As we examine this text, we must be reminded of those who have gone before us and their labor in the Lord. Their lives and examples should serve to motivate us to "fight the good fight of faith." One cannot help but being humbled reading the biographies of men like Brainerd, Judson, Taylor, Carey, Wesley, Luther, Wycliffe, etc. Foxes Book of Martyrs will stir one's heart to realize the small price we have paid for the cause of Christ. Paul said to the (Heb. in 12:4), "Ye have not yet resisted unto blood..."



Chapter twelve teaches that there are various kinds of ministries in the Lord's service. Every Levite was not a priest, and every priest could not be the high priest. Because of their number, David had divided the priesthood into courses, some were assigned what we would consider menial tasks, while others enjoyed more prestigious positions. Yet, each one was important. Each one contributed to the work of the whole.- Paul develops this point under the inspiration of the Spirit of God in (Eph. 4:11-16; 1 Cor. 12: 4-11, 12-30). Not everyone has the same function in the Body of Christ, yet all are important and perform a vital function in the overall working of the body to bring honor, glory and praise to Our Lord.

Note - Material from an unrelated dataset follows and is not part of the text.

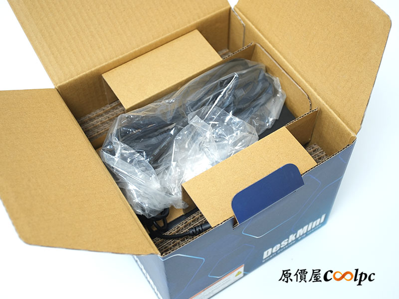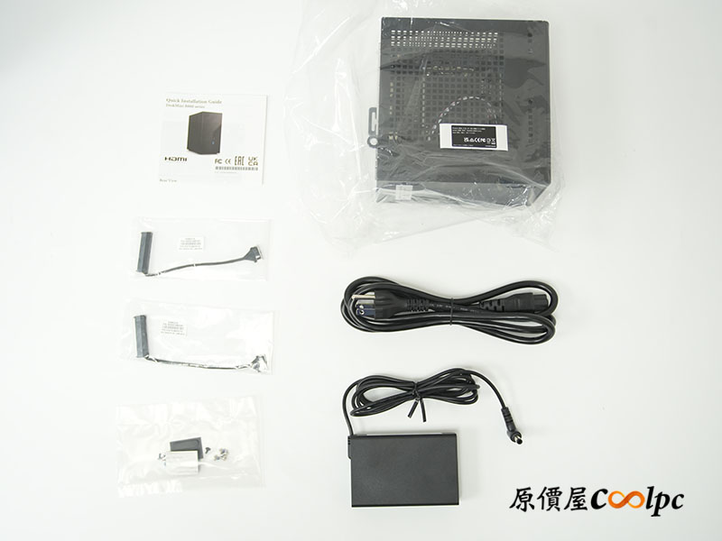(點小圖放大)配件囊括變壓器、電源線、2 x SATA 電源資料排線、螺絲與主機防滑軟墊。變壓器採用全漢 FSP120-ABBU3(3Pin 梅花孔),支援 100~240V 1.4A 50-60Hz 電壓輸入,可輸出 120W(19V 6.32A)。須注意的是華擎 DeskMini B860 系列僅支援 Intel Core Ultra(系列 2)65W 處理器,變壓器提供 120W 供電,旨在確保 65W 處理器在高負載加速(Turbo Boost)時仍然保持穩定供電。

In looking at these lists one would be a fool not to think that God keeps accurate records. Consider the care, accuracy and preservation in these lists and genealogies. God keeps accurate books, (Mal. 3:16; Ps. 56:8; 139:16; Isa. 4:3).



We might take this opportunity to capitalize on a concept explored in our study of chapter eleven. The people had leadership in both the secular, Nehemiah, the governor" and the spiritual, "Ezra, the priest, the scribe." The proper biblical balance is illustrated in the character of these men. Nehemiah was a politician who was a spiritual man; and Nehemiah was a spiritual man holding a religious office who exhibited a genuine interest in the political welfare of the people.



For this solemn yet joyful occasion, the priests and Levites purify themselves. In doing so they set themselves apart to God. The purification process extends to the people, the gates of the city and the wall itself. The people probably wash their clothes (Ex. 19:10,14) and bathe themselves (Num. 8:5-8; 19:12,19). The gates and the wall are ritually cleansed with hyssop (2 Chr. 29:5ff; Lev. 14:48-53). All of this is done to remind the Israelites that they and all that they have, belong to the Lord.

When everything is ready, Nehemiah divide the people and their leaders, the priests and the Levites, into two groups, These groups form two large choirs. With Ezra at the head of one group and Nehemiah leading the other, they walk through the streets, mount the walls, circle the city, and meet together over against the temple.

The dedication of the wall is the climax to the months of hardship the people have endured. The dedication of the wall marks a new beginning, it serves as a rallying point for the people. They walk around the very walls they've helped to build. This experience welds them together and gives them a sense of unity and accomplishment. A common venture, undertaken for the common good, has a tremendous binding affect. In the case of Israel, building the wall has restored their confidence in Jehovah and given them some national prestige. There was a sense of corporate strength. The result for all, a God-given joy, a spirit of rejoicing. Joy, J.O.Y., Jesus, Others, Yourself. Their love for the Lord and for one another caused them to subordinate their own personal desires to the good of the whole. Holiness must precede happiness.



God's original plan and order for Israel had been abandoned for hundreds of years. Nehemiah and Ezra had each played an important role in bringing Israel closer to what it was supposed to be, than had been since the days of Joshua.